• Brief:
Would you return the lines that run from the start of the data below to the line with "ويعد هذا التوشيح", both included, exactly as written and without pictures?
··· Task data ···
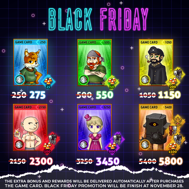 Black Friday is finally here and it comes loaded with deals, so this is the perfect time to buy a Game Card. We have promotions for all Game Cards available in the store, don't let this great offer pass you by, don't leave those awesome skeleton guardians gift.
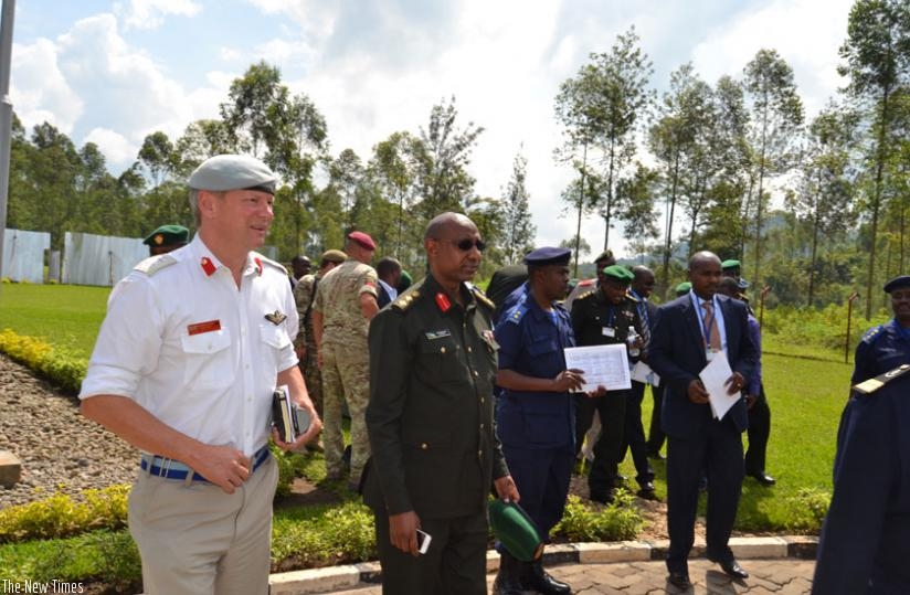 Col. Leakey (L) with Col. Rutaremara and other officials at the closure of the Civil-Military Cooperation Course in Musanze District. (Jean d'Amour Mboyinshuti)
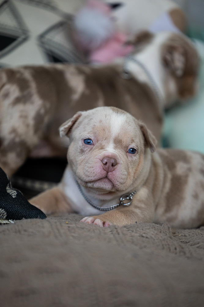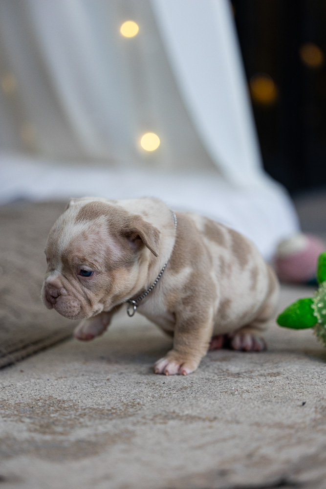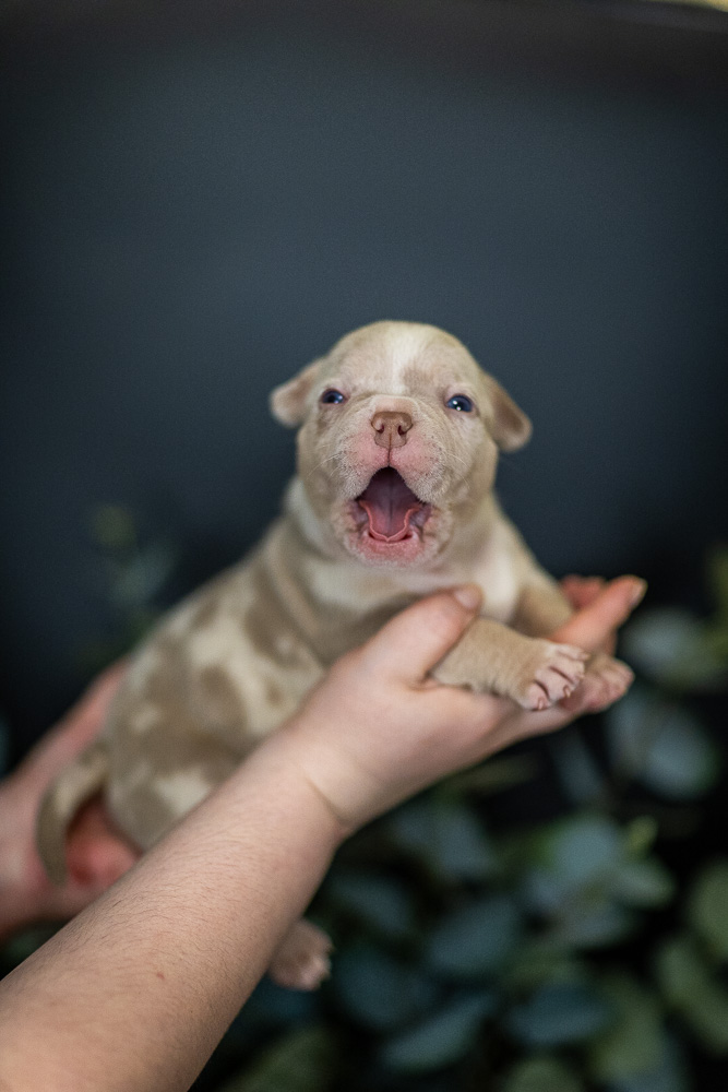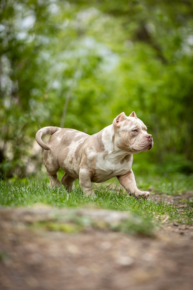 Он рождён от наших брутальных Тао и Нюши и несёт в себе не только силу и стать своих родителей, но и особенное наследие. В его жилах течёт кровь Папая, а его мерль окрас — это настоящее произведение искусства, созданное природой. Ведь каждое пятнышко на его шерсти уникально — это штрих, подчёркивающий его исключительность.
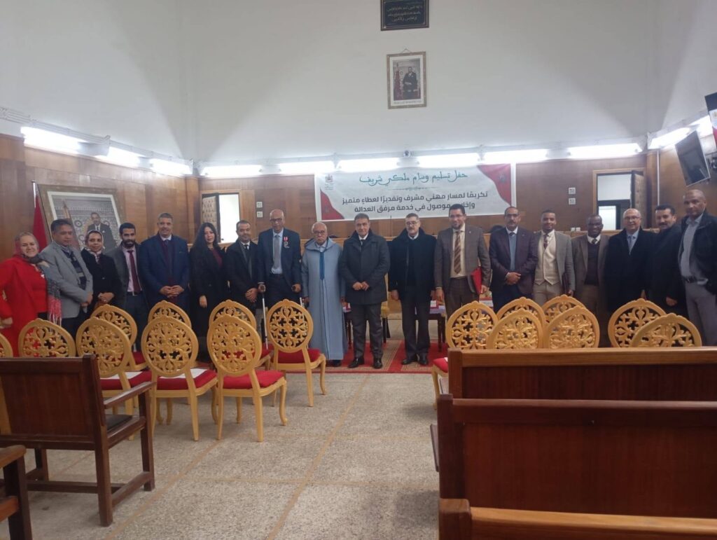 ويعد هذا التوشيح اعترافًا رسميًا بعطاءات المحتفى به، الذي عرف بين زملائه بالانضباط وحسن السلوك والتفاني في أداء الواجب المهني، ومساهمته الفعالة في ضمان حسن سير المرفق القضائي وخدمة المرتفقين في احترام تام لأخلاقيات المهنة.
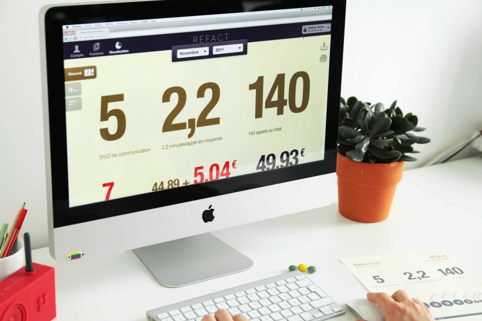 Vous avez sûrement déjà vu une facture téléphonique. Vous savez, cette liste interminable de numéros de téléphone associés à de sombres montants, tous écrits en taille 6 et collés les uns aux autres ? Et bien on en a eu un peu marre de cette facture illisible qui gâchait plus de papier qu’autre chose. L’objet de ce projet de recherche était de repenser l’expérience d’un usager à la lecture de la facture.
···
• Written response:
 Black Friday is finally here and it comes loaded with deals, so this is the perfect time to buy a Game Card. We have promotions for all Game Cards available in the store, don't let this great offer pass you by, don't leave those awesome skeleton guardians gift.
 Col. Leakey (L) with Col. Rutaremara and other officials at the closure of the Civil-Military Cooperation Course in Musanze District. (Jean d'Amour Mboyinshuti)
 Он рождён от наших брутальных Тао и Нюши и несёт в себе не только силу и стать своих родителей, но и особенное наследие. В его жилах течёт кровь Папая, а его мерль окрас — это настоящее произведение искусства, созданное природой. Ведь каждое пятнышко на его шерсти уникально — это штрих, подчёркивающий его исключительность.
 ويعد هذا التوشيح اعترافًا رسميًا بعطاءات المحتفى به، الذي عرف بين زملائه بالانضباط وحسن السلوك والتفاني في أداء الواجب المهني، ومساهمته الفعالة في ضمان حسن سير المرفق القضائي وخدمة المرتفقين في احترام تام لأخلاقيات المهنة.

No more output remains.